Dez se lo había advertido. Naturalmente que se lo había advertido. Le había dicho que no saliera del coche. Pero él no le había escuchado. Jamás escuchaban. Esa era la lección que aprendió cuando le rogó a su padre que no se marchara a Kuwait, cuando se lo suplicó de rodillas, aferrada a sus piernas. Sus lágrimas le habían empapado la tela de los pantalones, y su padre se había visto obligado a apartarla de sí. La frustración de él era tan grande que le había gritado. Le había dicho que creciera.

Dez sabía que era un error que su padre se marchara allí. Porque ahí fuera, en la oscuridad, había monstruos. Siempre había monstruos ocultos entre las sombras, justo al borde de tu campo de visión, listos para llevarte con ellos.

Pero su padre se había marchado de todos modos.

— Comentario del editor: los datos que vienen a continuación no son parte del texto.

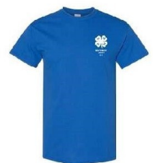
Gildan 5000 Heavy Cotton T-Shirt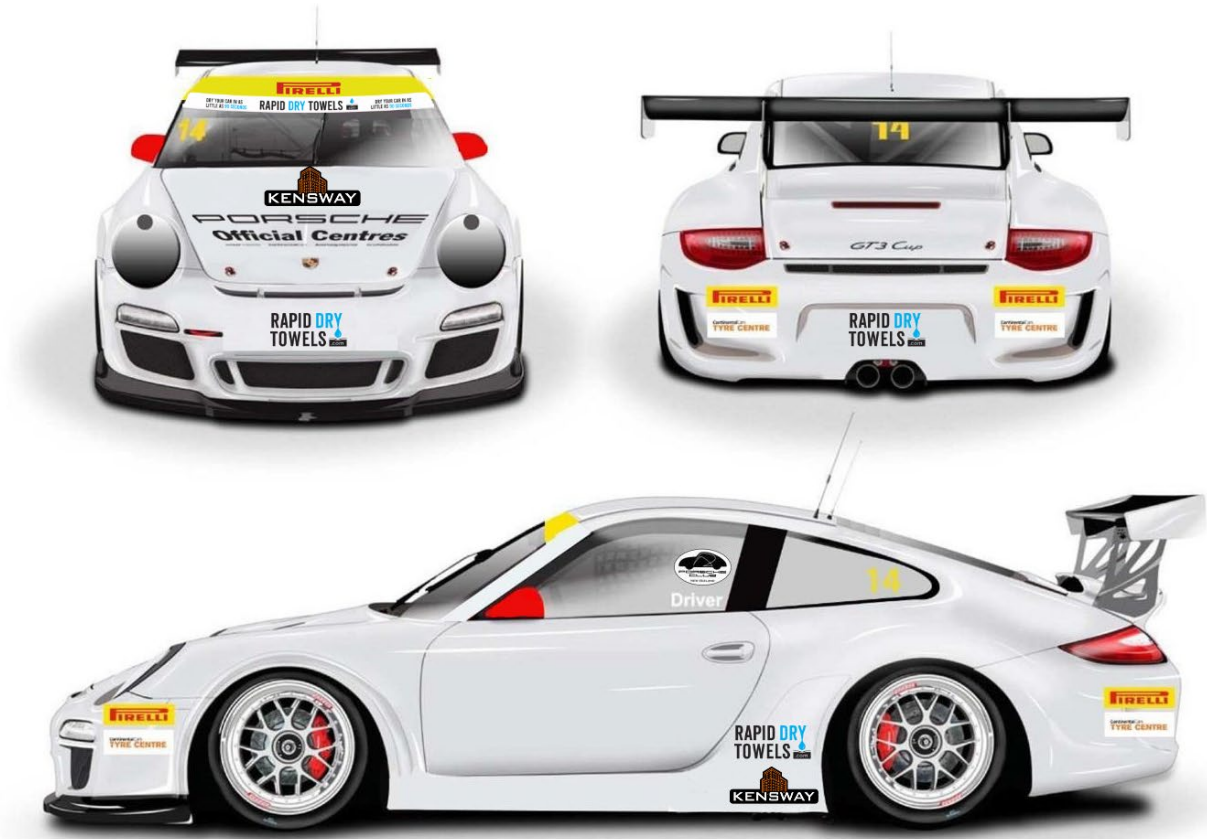
Front window banner - Issued banner may vary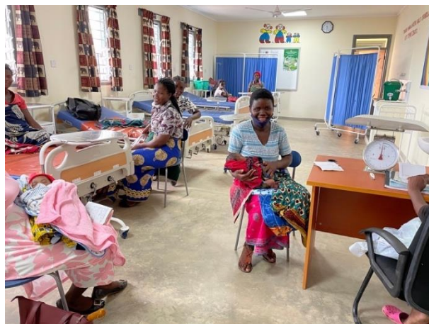
Busy Postnatal Ward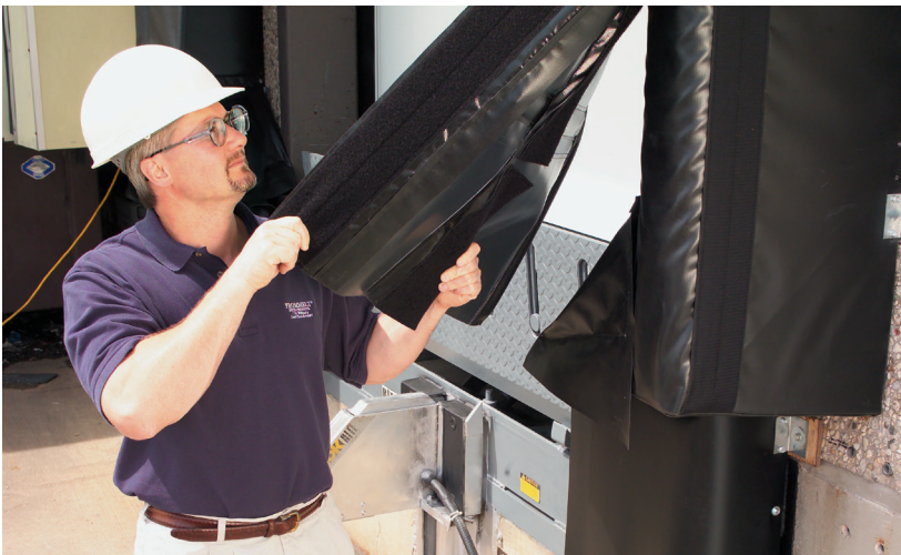
Removable side curtains allow for maintenance flexibility.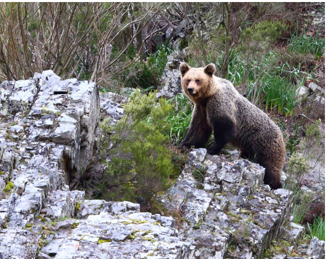
A Haven for Wildlife: Fuentes del Narcea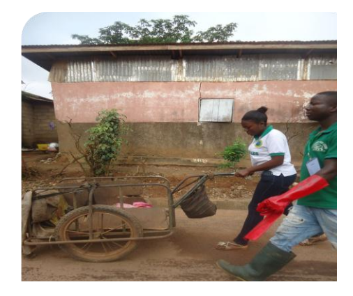
Transportation of waste to the trash bins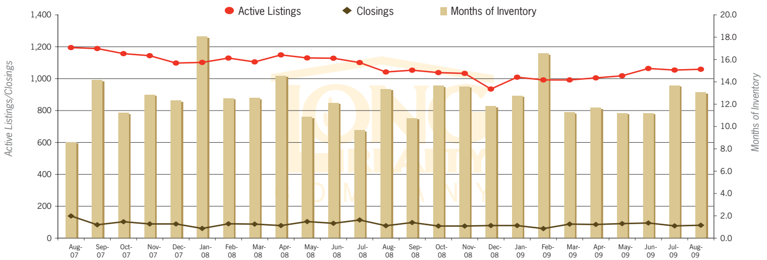
Months of Inventory, Active Listings and Closings

These statistics are based on information obtained from the Southeast Arizona MLS on 9/03/09. Information is believed to be reliable, but not guaranteed. Months of Inventory (MOI) reflect the time period required to sell all the properties on the market given the number of closed transactions in the preceding month, provided no new product becomes available. This is an excellent benchmark to show the velocity of transactions in relation to the market inventories. This measurement is a broad one and will vary (in some cases dramatically) by price range, location and type of property.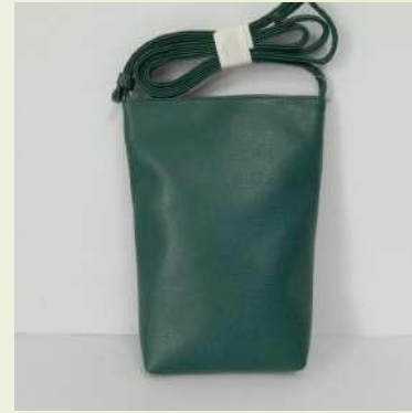
Style#: AL-621 Material: PU Country Name: Japan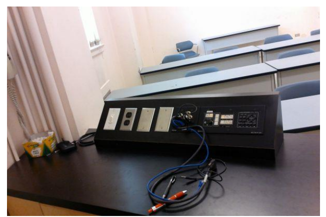
Image Description: View of the classroom from the instructor's podium. There are 7 long curved tables with chairs for students. Tables are arranged in rows from front to back with tiered steps to access tables in the middle and back area of the classroom. The entryway door is located at the left side of the image. This classroom is accessible for instructors.

Image Description: The entryway of room 10 in Dunning Hall is a tan door with a silver doorknob on the left side.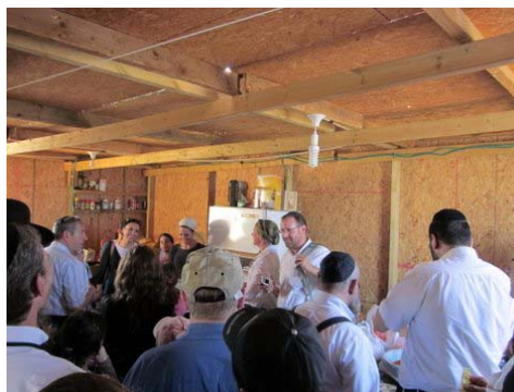
The inside of the Davis' home

Complete destruction means no house, no walls, roof, bathroom...nothing left. The electricity and water hookup has been destroyed. Bulldozers do not do a good job discerning between building materials and personal effects.

Aquella mañana terrible del último día en el aeropuerto él había intentado arreglar las cosas. Se había arrodillado, le había acariciado el pelo rubio y le había dado un beso en la nariz. Y le había dicho: «No te preocupes, Calabacita, ya sabes que yo volveré a por ti».

Eso le había dicho.

No que volvería con ella.

Sino a por ella.

Y acto seguido se marchó. Seis semanas más tarde era ya para siempre; su helicóptero había estallado en los cielos de Arabia a causa de una granada disparada por un lanzagranadas accionado por un compañero de su propio pelotón. Fuego amigo, lo llamaban.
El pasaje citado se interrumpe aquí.